**Work item**
Nothing outside the stretch is wanted. Repeat exactly the lines of the listing below from the one that contains "Το Free Press" through the one that contains "식품유형 | 상세설명참조 |", both ends included.

**Source data**

▽

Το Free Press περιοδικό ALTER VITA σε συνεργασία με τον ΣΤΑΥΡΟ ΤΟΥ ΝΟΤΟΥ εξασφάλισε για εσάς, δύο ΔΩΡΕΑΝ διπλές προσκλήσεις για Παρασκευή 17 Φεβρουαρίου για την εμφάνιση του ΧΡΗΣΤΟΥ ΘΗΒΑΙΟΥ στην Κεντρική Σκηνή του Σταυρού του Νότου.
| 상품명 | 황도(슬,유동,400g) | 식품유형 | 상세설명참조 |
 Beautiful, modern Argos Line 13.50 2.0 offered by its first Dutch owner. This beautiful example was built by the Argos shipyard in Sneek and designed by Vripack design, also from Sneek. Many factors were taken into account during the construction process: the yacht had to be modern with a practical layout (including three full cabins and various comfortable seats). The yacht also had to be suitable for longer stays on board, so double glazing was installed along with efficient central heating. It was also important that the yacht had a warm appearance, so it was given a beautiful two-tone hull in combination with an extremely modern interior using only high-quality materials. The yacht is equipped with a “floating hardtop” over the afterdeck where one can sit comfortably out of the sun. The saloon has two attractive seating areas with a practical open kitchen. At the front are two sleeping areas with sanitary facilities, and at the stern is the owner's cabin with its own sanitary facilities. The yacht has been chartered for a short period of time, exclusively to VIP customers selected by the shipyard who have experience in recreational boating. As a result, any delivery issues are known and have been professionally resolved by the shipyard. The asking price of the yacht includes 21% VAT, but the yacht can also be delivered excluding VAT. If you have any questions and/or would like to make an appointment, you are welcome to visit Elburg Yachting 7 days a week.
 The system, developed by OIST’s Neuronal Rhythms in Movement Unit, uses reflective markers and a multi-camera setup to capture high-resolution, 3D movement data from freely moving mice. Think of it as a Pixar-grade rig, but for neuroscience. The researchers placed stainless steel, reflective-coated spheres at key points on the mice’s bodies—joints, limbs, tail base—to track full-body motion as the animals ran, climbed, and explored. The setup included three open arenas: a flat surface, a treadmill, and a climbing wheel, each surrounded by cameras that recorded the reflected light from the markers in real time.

△
▽

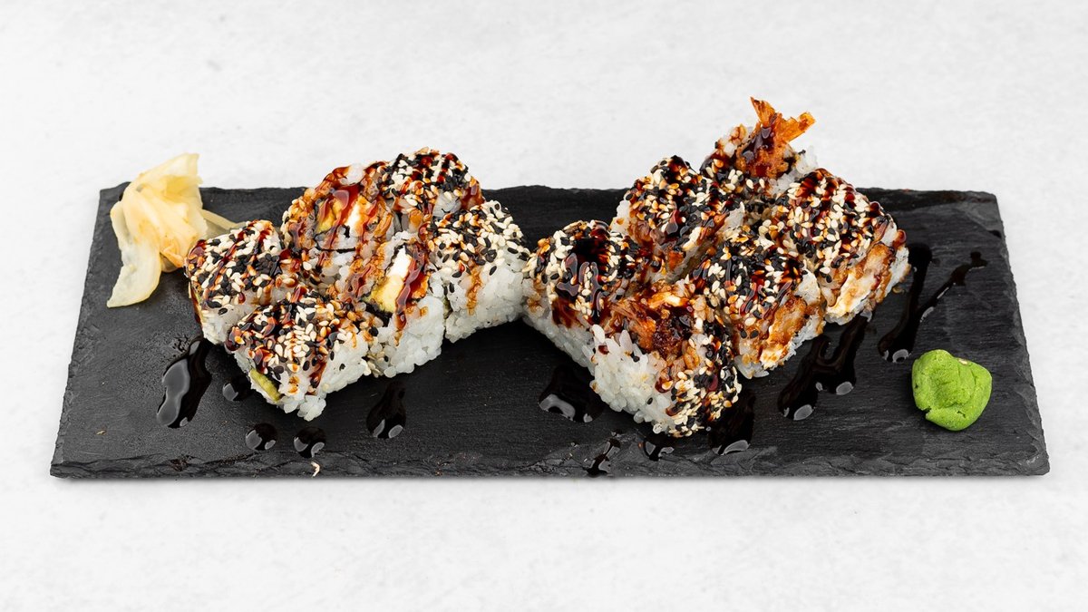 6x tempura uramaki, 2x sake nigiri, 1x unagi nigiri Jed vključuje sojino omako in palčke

△
▽

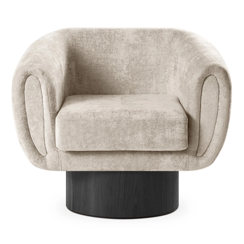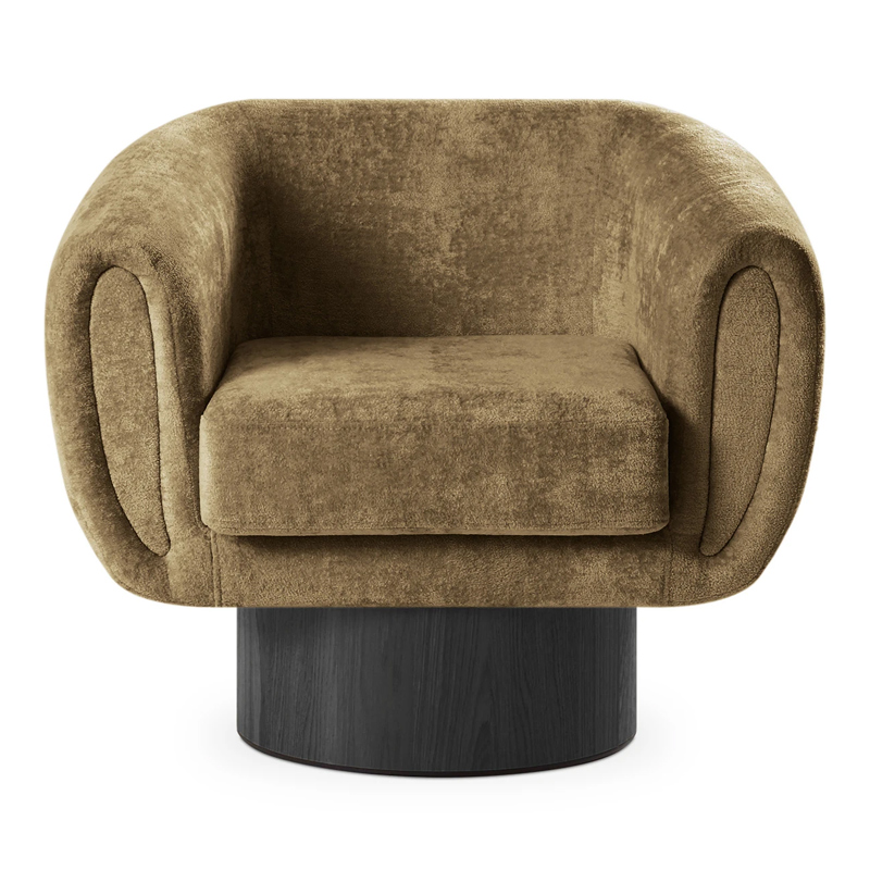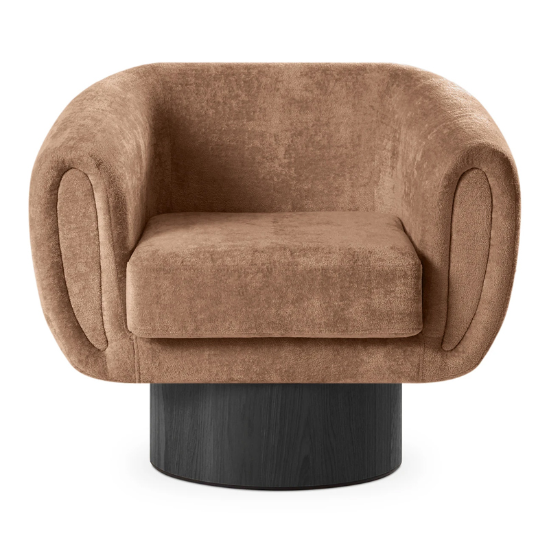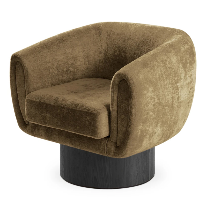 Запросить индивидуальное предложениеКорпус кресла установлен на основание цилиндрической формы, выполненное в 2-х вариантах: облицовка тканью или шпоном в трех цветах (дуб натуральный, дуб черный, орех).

△

**Answer for this exercise**
Το Free Press περιοδικό ALTER VITA σε συνεργασία με τον ΣΤΑΥΡΟ ΤΟΥ ΝΟΤΟΥ εξασφάλισε για εσάς, δύο ΔΩΡΕΑΝ διπλές προσκλήσεις για Παρασκευή 17 Φεβρουαρίου για την εμφάνιση του ΧΡΗΣΤΟΥ ΘΗΒΑΙΟΥ στην Κεντρική Σκηνή του Σταυρού του Νότου.
| 상품명 | 황도(슬,유동,400g) | 식품유형 | 상세설명참조 |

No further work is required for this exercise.